# Flicker Light Help



## Haunt2530 (Jan 29, 2013)

I tried using a fluorescent starter for my flicker light, but it didn't work. I wired a extension cord to the fluorescent starter. I plugged a light bulb socket in the end of the extension cord with a bulb in it and it didn't even light up when I plugged it in. So if any one has any suggestion of why this didn't work or how to fix it please let me know thanks.


----------



## [email protected] (Aug 25, 2012)

I have never tried this myself, but remember reading this thread and thinking it looked fairly straight forward. Maybe your starter isn't the recommended one (I see a "caution, avoid this one" disclaimer) in this thread:

http://www.hauntforum.com/showthread.php?t=32507


----------



## MapThePlanet (Nov 12, 2010)

Made a few a couple years back and didn't have an issue. Check to see which starter you are using? FS-2 or FS-5....and I used lower wattage bulbs, I seem to remember using 40 watts one (and NOT the CFL's). I did have issue soldering the wires on and go the first one too hot and melted the core inside of the starter....Hope this helps a little


----------



## The Watcher (Sep 13, 2008)

did you run one side of starter to the socket and the other side to the line. Then the neutral straight to the other side of the socket? this is one I did.

http://i511.photobucket.com/albums/s360/brushe2008/001_mpeg2video.mp4


----------



## Haunt2530 (Jan 29, 2013)

Yeah that's exactly what I did.


----------



## The Watcher (Sep 13, 2008)

Are you using a regular bulb? I know they will not work with other bulbs. That and the starter being bad. is the only thing I can think of as long as your connection are all solid.


----------



## Haunt2530 (Jan 29, 2013)

Yeah I'm using a regular bulb. I think I'm using the wrong starter. MapThePlanet said I need a FS-5 or a FS-2. I was using a FS-U.


----------



## The Watcher (Sep 13, 2008)

I think I have the FS-5 and the FS-2. I also you them on my shiatsu props. So I get more of a random movement.
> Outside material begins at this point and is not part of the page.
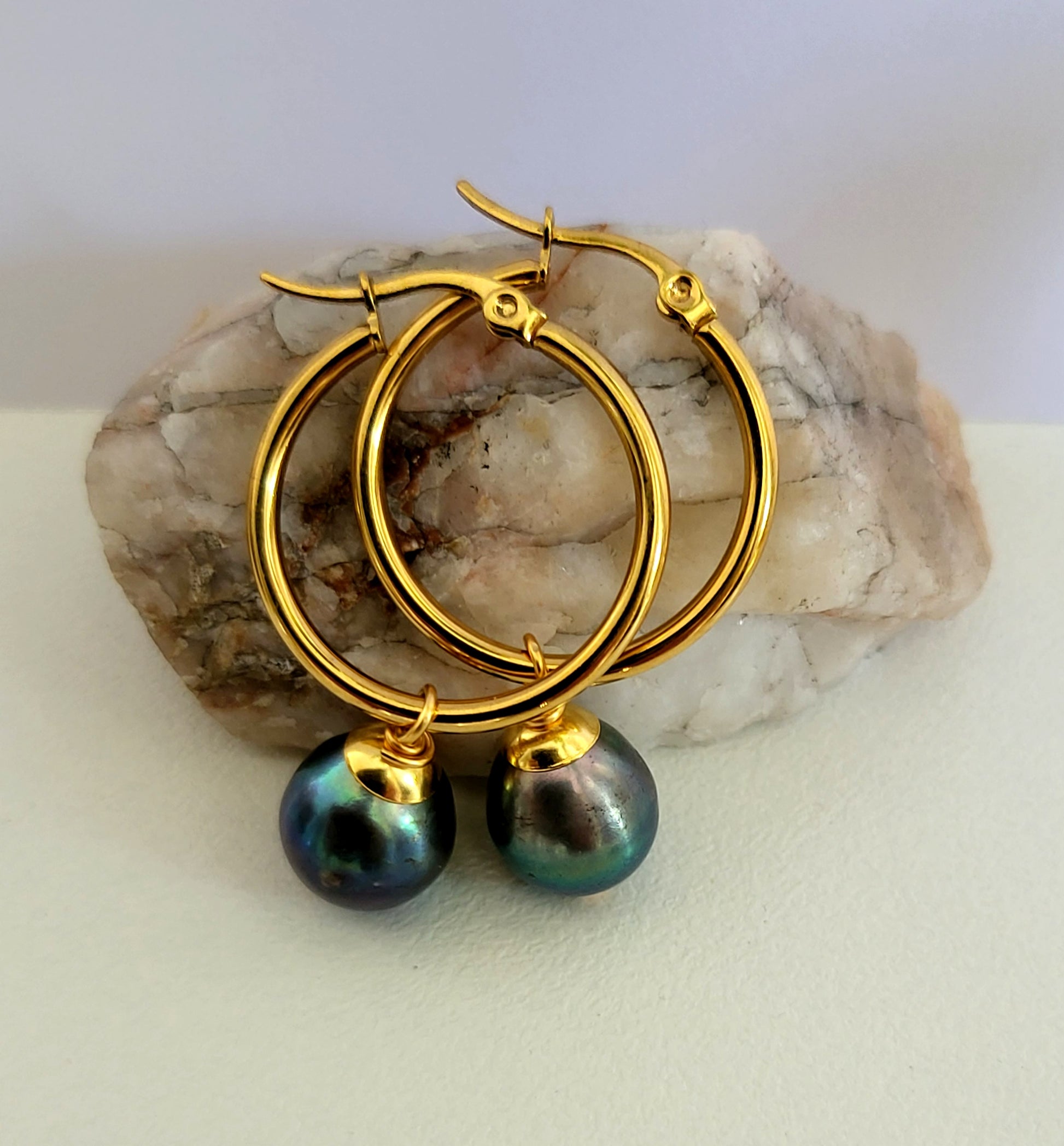 These Leilani earrings are paired with oval-shaped genuine Tahitian pearls that showcase the natural beauties of the ocean's gems. Wear this pair of gold-filled hoop earrings to a special occasion or for an everyday look.
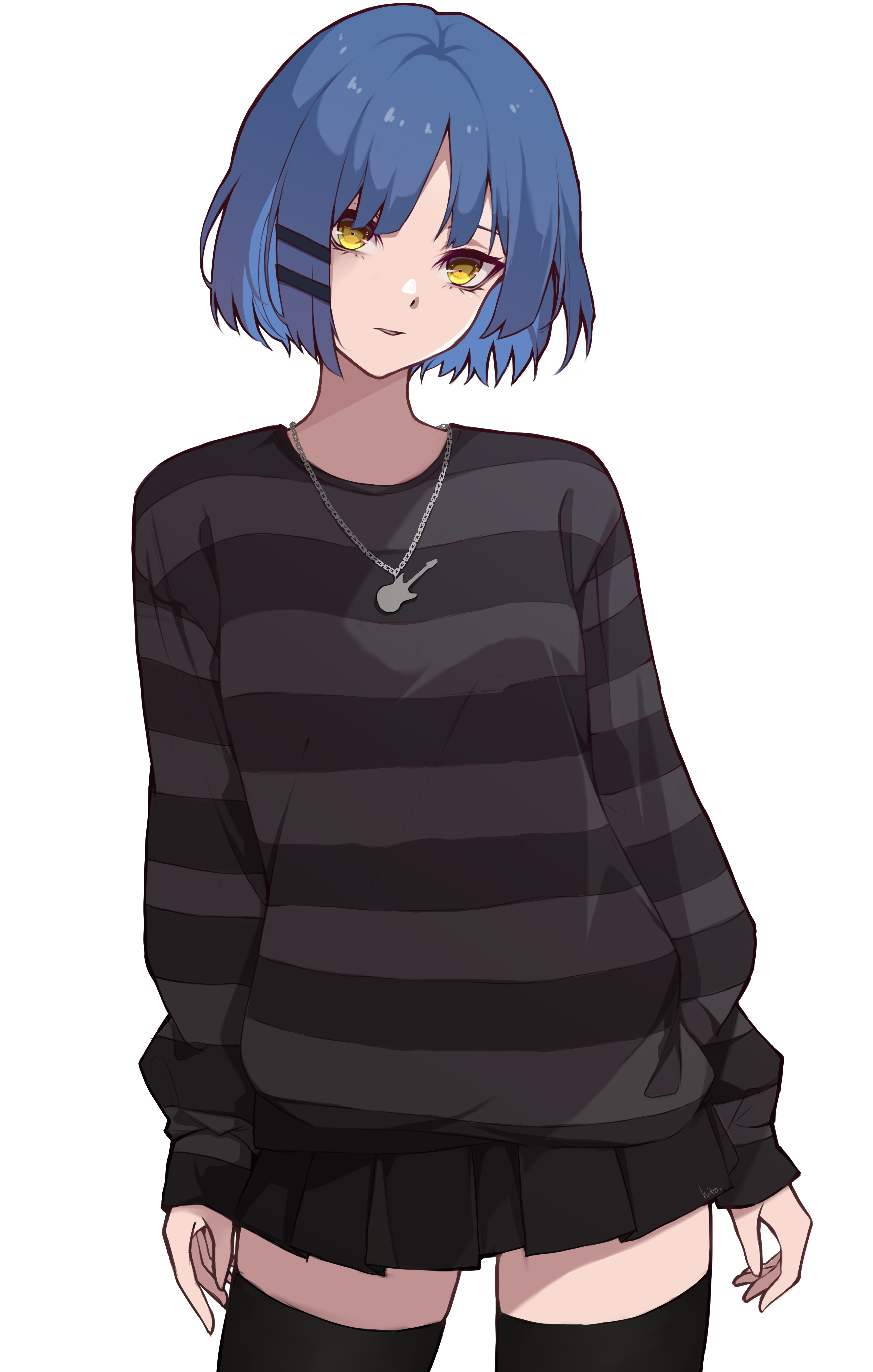 1girl absurdres artist_name black_skirt black_sweater black_thighhighs blue_hair bocchi_the_rock! commentary cowboy_shot highres hitozche jewelry long_sleeves looking_at_viewer miniskirt necklace parted_bangs parted_lips pleated_skirt romaji_commentary short_hair simple_background single_sidelock skirt solo striped_clothes striped_sweater sweater thighhighs white_background yamada_ryo yellow_eyes zettai_ryouiki

In stead on the constant speed.


----------



## Haunt2530 (Jan 29, 2013)

Thank you all for the help.


----------



## grismcdonald (Aug 23, 2011)

Hey The Watcher,
I built up a couple of these inline with a 6' extension cord and they worked great for light flickering but never thought about using it on something like a shiatsu. I will have to try that. Any other use come to mind?


----------



## The Watcher (Sep 13, 2008)

Not off hand. They will work on most motors. But I would not recommend putting any thing on them that has a lot of electronic boards, Like a Gemmy prop. Could be fine, But I would not take the risk

http://i511.photobucket.com/albums/s360/brushe2008/FILE0134_xvid-1.mp4


----------



## MapThePlanet (Nov 12, 2010)

Did you have any success?? Or still giving you a fit?


----------



## Haunt2530 (Jan 29, 2013)

It works fine now, I used the FS-2 starter. Thanks for the help, I plan on making a bunch of these to put behind the windows of my house.


----------



## ouizul1 (May 22, 2010)

Yeah, soldering directly to the starter is all but impossible. Better to get a sockets for 'em. Individual starters (even of the same type) often give a different flicker rate, using sockets makes it easier to swap them out. They're readily available on the internet for about $2-3 bucks apiece.


----------



## BioHazardCustoms (Aug 5, 2009)

ouizul1 said:


> Yeah, soldering directly to the starter is all but impossible. Better to get a sockets for 'em. Individual starters (even of the same type) often give a different flicker rate, using sockets makes it easier to swap them out. They're readily available on the internet for about $2-3 bucks apiece.


Got a link?


----------



## [email protected] (Aug 25, 2012)

> Wow I'm all for DIY stuff, but that seems so unsafe. You would be much better off buying the actual starter holder and wire that into the cord. That way you could at least get a decent solder point and cover it with heat shrink tubing. Here is an ebay link to show what they look like. http://www.ebay.com/itm/5-Fluoresce...595?pt=LH_DefaultDomain_0&hash=item5ae9842e63
> 
> You could also scavenge them from old fluorescent fixtures. With T12 bulbs getting phased out the prices on those fixtures should be dropping soon.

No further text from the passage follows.